Highlights & Insights¶
- The biologically inspired LIM design is naturally complementary to Mamba's SSM — the SSM handles linear temporal processing while LIM (in the gating branch) provides nonlinear temporal selectivity.
- The design philosophy of "do not touch the SSM" is well-motivated: prior work has demonstrated that directly fine-tuning SSM components leads to degradation.
- The chunking strategy for membrane potentials elegantly addresses the efficiency challenge of processing long sequences token by token.
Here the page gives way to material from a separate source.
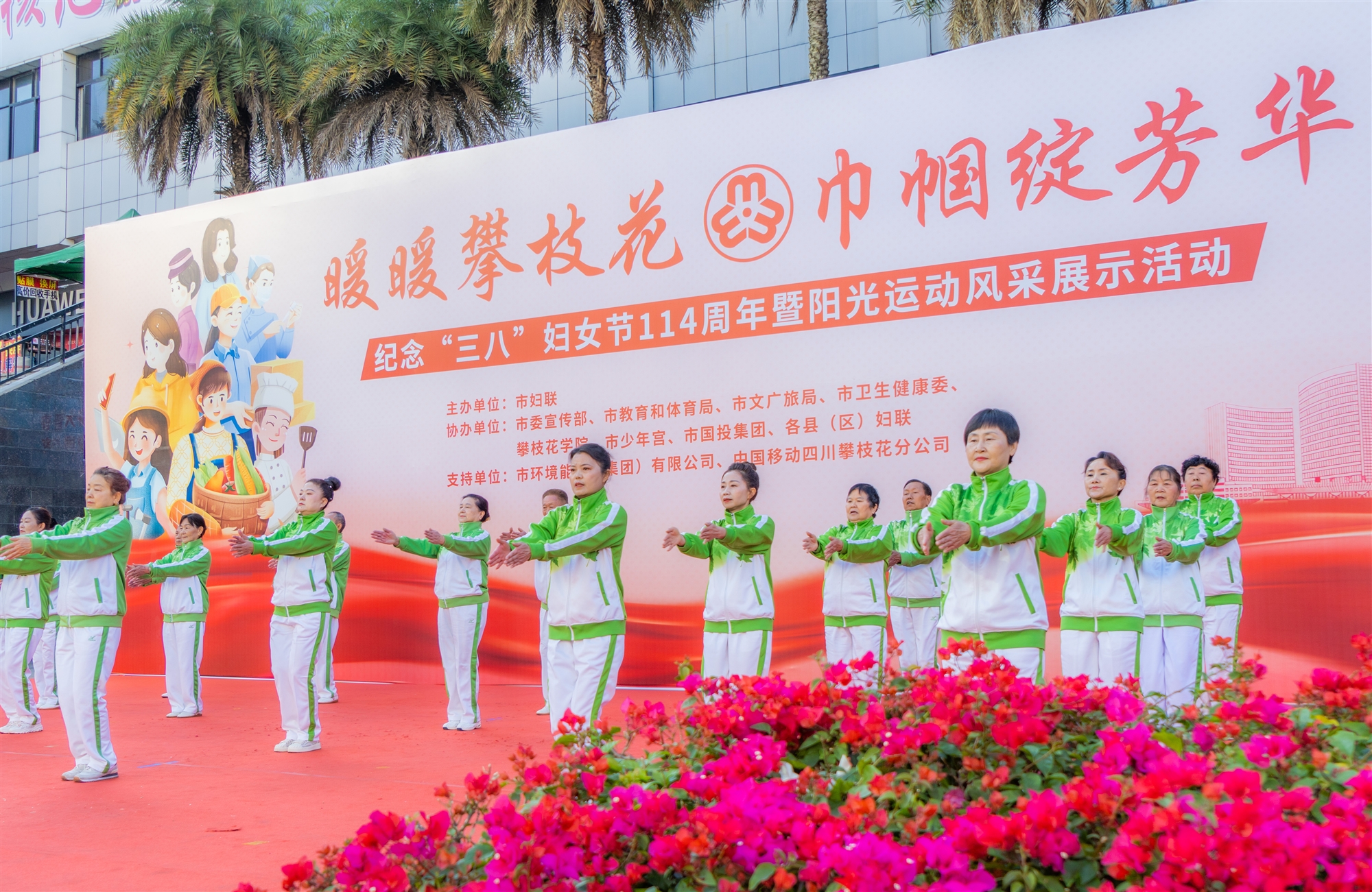 春暖三月,芳華競(jìng)現(xiàn)。3月3日,由攀枝花市婦聯(lián)主辦,攀枝花市委宣傳部、市教育和體育局、市文廣旅局、市衛(wèi)生健康委、攀枝花學(xué)院、市少年宮、市國(guó)投集團(tuán)、各縣(區(qū))婦聯(lián)協(xié)辦的攀枝花市“暖暖攀枝花 巾幗綻芳華”紀(jì)念“三八”婦女節(jié)114周年暨陽(yáng)光運(yùn)動(dòng)風(fēng)采展示活動(dòng)在攀枝花市中心廣場(chǎng)舉行。有關(guān)市級(jí)部門(mén)、單位領(lǐng)導(dǎo),市級(jí)各部門(mén)、單位、各大企業(yè)的女職工代表,女性社會(huì)組織的代表,先進(jìn)女性代表,來(lái)自全市的婦女代表和家庭代表以及全體演員約400人參加。

- The theoretical regularization analysis provides a principled explanation for the beneficial effect of membrane potential fluctuations.
Limitations & Future Work¶
- Chunk size and chunk count \(T\) are hyperparameters that require tuning.
- The sensitivity of the LIM leakage factor \(\tau\) and threshold \(V_{th}\) warrants further investigation.
- Validation on the more recent Mamba-2 architecture has not been performed.
- Vision task evaluation is limited to VTAB-1k; large-scale visual benchmarks are absent.
Related Work & Insights¶
- vs. SLL LoRA: Memba achieves better temporal processing via LIM, with an average accuracy gain of 1.6%.
- vs. Affix-tuning: Memba achieves superior performance with 5.2% vs. 64.6% of parameters.
- vs. Full Fine-tuning: By avoiding overfitting, PEFT consistently outperforms full fine-tuning.
Rating¶
- Novelty: ⭐⭐⭐⭐⭐ — Combining biological membrane potentials with SSMs represents a genuinely novel direction.
- Experimental Thoroughness: ⭐⭐⭐⭐ — Multi-scale language and vision evaluations, though large-scale benchmarks are missing.
- Writing Quality: ⭐⭐⭐⭐ — Membrane potential visualizations are intuitive and the structure is clear.
- Value: ⭐⭐⭐⭐ — Opens a biologically inspired new avenue for PEFT in the Mamba era.